_ACTIVITY_
Take the listing below and print exactly the lines starting at the line containing "シンプルながらミカドの美しい" and ending at the line containing "菊香引得蜂自來,滿園菊花齊爭艷!", both ends included, and no others.

_DATA TO PROCESS_
————

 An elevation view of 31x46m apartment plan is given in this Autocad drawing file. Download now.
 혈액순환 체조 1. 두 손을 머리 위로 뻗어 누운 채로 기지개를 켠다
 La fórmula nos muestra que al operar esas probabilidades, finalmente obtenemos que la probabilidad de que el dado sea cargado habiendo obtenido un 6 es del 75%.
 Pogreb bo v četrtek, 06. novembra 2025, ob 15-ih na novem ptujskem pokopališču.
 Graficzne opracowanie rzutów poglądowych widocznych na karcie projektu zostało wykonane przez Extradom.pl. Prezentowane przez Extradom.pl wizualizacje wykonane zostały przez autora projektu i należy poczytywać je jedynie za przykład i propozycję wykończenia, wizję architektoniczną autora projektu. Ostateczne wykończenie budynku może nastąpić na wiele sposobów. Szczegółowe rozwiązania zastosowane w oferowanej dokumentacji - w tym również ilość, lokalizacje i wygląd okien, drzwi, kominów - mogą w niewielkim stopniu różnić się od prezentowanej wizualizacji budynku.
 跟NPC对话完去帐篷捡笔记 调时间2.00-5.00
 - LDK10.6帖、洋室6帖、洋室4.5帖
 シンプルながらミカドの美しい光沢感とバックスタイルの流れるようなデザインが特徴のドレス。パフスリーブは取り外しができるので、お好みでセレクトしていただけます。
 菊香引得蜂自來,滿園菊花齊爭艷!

————

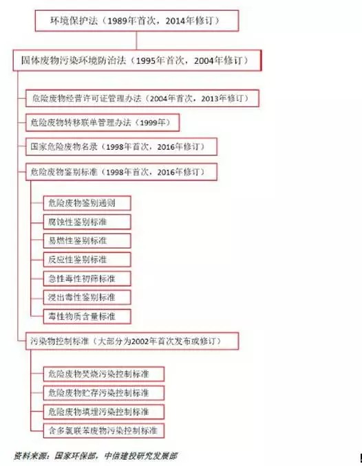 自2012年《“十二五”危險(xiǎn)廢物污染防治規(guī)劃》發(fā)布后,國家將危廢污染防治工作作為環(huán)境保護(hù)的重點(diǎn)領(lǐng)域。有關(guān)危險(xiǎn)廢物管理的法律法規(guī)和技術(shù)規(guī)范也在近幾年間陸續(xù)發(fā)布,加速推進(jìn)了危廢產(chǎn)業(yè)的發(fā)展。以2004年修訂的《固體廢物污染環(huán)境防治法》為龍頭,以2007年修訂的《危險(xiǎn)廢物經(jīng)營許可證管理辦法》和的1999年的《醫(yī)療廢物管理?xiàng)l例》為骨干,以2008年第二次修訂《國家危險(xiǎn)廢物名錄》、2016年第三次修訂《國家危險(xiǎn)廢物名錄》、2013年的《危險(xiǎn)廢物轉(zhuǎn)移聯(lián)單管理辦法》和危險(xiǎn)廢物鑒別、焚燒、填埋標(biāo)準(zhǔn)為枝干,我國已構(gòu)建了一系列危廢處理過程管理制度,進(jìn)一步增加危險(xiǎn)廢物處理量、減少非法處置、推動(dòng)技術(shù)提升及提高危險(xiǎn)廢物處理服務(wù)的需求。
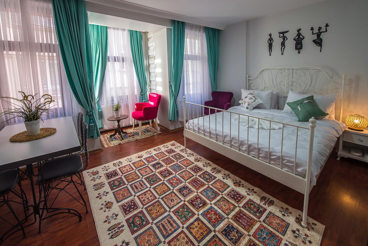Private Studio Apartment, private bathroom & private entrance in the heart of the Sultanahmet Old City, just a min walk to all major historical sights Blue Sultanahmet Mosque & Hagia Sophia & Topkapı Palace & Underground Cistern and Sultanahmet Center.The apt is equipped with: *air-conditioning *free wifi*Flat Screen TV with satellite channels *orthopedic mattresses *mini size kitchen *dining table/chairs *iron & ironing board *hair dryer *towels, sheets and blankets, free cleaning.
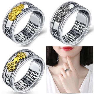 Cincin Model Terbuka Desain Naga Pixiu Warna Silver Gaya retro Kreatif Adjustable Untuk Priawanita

————

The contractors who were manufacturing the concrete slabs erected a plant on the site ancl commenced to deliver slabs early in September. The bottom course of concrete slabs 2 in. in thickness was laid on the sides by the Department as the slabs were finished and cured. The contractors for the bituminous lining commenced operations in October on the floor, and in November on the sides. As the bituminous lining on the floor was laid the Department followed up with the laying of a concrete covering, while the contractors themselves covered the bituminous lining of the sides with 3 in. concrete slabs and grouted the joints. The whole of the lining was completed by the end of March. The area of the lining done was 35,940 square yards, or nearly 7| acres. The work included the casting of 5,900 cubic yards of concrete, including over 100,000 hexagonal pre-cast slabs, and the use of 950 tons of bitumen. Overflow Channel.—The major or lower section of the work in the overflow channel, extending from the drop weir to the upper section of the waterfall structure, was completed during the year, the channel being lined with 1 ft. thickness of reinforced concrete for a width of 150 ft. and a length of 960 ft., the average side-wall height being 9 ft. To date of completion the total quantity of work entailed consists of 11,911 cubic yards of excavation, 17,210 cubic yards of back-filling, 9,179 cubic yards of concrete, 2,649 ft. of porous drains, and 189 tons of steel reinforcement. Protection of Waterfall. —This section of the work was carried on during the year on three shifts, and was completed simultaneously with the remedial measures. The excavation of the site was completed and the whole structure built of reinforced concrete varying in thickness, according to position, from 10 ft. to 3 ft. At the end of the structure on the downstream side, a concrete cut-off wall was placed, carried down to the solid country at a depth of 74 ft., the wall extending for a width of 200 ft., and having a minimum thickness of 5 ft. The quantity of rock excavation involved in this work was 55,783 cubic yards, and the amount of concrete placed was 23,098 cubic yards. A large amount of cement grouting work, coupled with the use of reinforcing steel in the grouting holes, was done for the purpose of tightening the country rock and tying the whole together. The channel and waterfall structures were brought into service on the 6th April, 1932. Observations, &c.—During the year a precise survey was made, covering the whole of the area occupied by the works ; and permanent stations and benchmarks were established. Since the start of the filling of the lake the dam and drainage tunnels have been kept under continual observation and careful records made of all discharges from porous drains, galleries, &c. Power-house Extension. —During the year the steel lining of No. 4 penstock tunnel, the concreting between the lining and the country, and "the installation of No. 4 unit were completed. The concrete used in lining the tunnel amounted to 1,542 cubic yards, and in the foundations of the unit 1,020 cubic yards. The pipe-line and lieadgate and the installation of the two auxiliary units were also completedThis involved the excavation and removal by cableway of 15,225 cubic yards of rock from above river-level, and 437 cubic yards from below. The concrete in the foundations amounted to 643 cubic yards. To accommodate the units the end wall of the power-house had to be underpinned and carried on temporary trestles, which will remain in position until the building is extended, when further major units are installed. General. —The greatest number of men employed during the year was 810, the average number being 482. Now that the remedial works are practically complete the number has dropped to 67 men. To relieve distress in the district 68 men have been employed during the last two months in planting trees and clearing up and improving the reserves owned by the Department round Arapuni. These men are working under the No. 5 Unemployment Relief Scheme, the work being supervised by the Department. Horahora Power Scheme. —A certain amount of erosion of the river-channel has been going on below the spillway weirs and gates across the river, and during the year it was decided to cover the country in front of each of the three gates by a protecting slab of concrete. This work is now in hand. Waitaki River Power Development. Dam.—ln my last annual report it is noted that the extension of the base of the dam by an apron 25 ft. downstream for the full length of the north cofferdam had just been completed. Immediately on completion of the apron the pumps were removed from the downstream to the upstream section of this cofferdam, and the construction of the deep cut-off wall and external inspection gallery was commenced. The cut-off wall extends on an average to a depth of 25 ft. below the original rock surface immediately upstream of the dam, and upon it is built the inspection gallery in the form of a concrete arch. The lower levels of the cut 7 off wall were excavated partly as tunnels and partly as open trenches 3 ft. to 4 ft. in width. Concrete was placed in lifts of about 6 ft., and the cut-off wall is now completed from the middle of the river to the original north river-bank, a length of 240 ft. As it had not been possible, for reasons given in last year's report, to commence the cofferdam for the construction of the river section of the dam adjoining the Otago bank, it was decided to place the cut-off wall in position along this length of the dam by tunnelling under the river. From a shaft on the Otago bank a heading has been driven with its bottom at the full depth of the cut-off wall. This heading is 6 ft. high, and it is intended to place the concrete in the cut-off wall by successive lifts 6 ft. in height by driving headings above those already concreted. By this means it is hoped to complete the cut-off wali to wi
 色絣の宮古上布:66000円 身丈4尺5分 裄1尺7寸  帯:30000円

————

_REPLY TO THE EXERCISE_
 シンプルながらミカドの美しい光沢感とバックスタイルの流れるようなデザインが特徴のドレス。パフスリーブは取り外しができるので、お好みでセレクトしていただけます。
 菊香引得蜂自來,滿園菊花齊爭艷!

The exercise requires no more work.